EXTRACTED DATA »
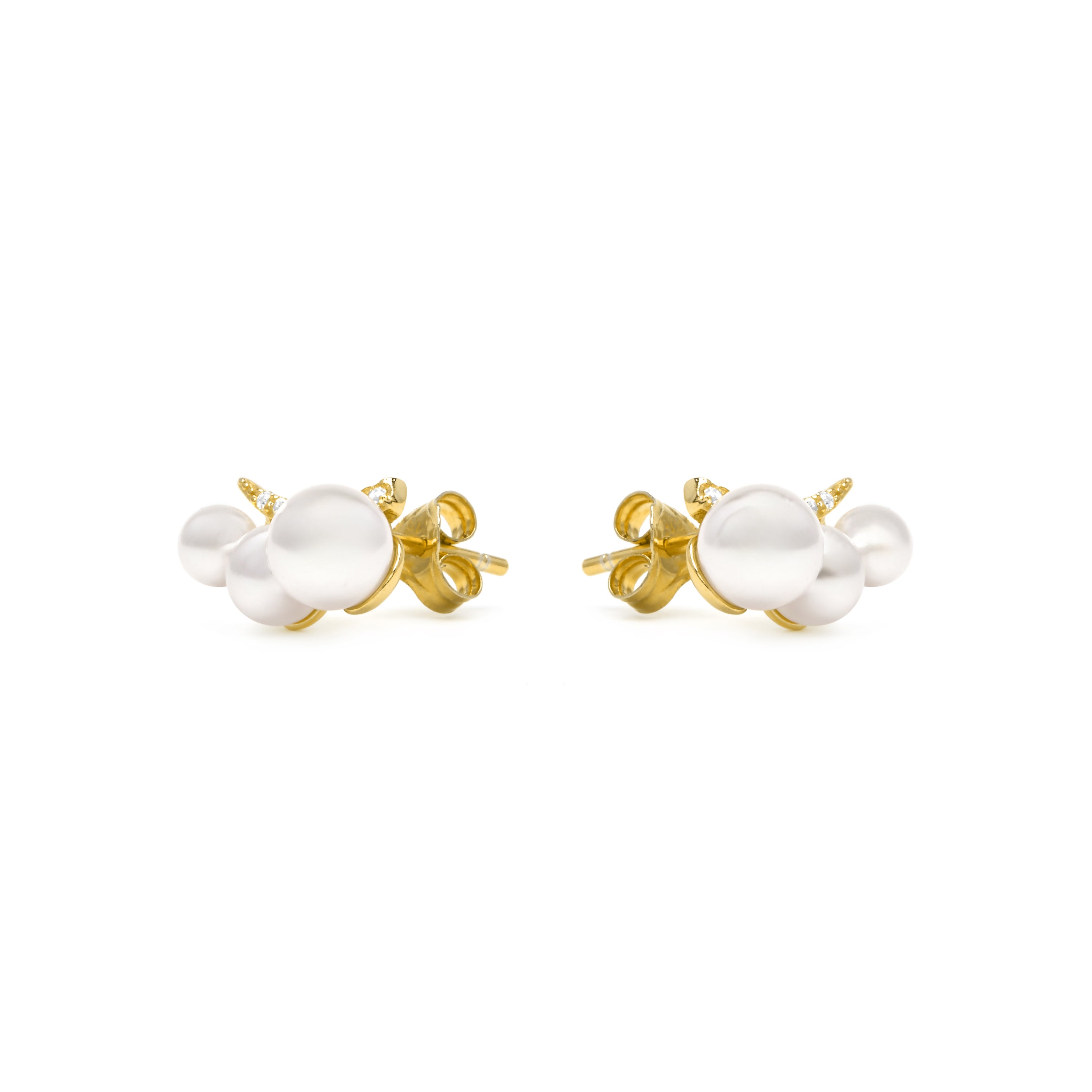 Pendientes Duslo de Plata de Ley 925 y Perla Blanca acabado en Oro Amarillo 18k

...

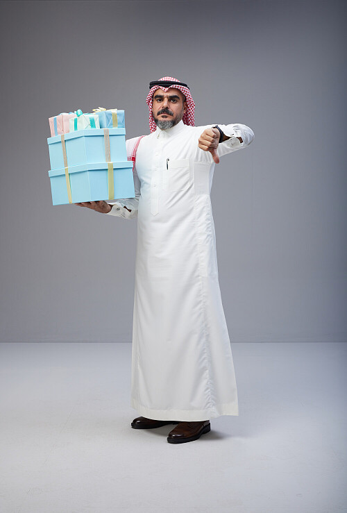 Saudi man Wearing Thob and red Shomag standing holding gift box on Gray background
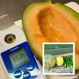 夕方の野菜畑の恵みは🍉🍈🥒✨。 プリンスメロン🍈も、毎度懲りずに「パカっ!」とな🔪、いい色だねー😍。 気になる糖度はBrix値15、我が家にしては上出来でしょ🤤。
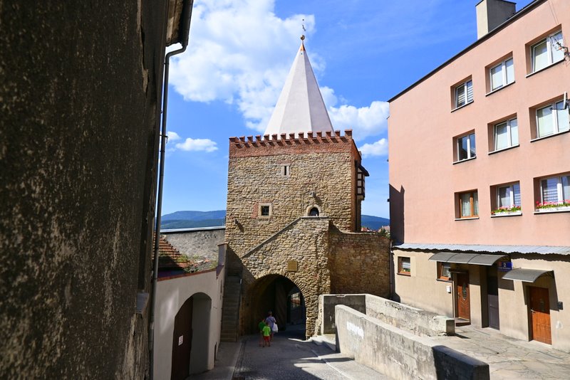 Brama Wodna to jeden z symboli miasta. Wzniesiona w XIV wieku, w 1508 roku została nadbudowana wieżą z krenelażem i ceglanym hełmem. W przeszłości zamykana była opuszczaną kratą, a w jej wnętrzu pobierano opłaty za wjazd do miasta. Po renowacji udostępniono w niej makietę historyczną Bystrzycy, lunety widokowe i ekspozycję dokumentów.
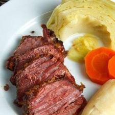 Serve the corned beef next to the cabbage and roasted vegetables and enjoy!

EXERCISE DETAILS » From the data above, return only the lines starting at the line that holds "Brama Wodna to" and ending at the line that holds "Serve the corned", word for word and without pictures.

RESULT FOR THIS EXERCISE »
 Brama Wodna to jeden z symboli miasta. Wzniesiona w XIV wieku, w 1508 roku została nadbudowana wieżą z krenelażem i ceglanym hełmem. W przeszłości zamykana była opuszczaną kratą, a w jej wnętrzu pobierano opłaty za wjazd do miasta. Po renowacji udostępniono w niej makietę historyczną Bystrzycy, lunety widokowe i ekspozycję dokumentów.
 Serve the corned beef next to the cabbage and roasted vegetables and enjoy!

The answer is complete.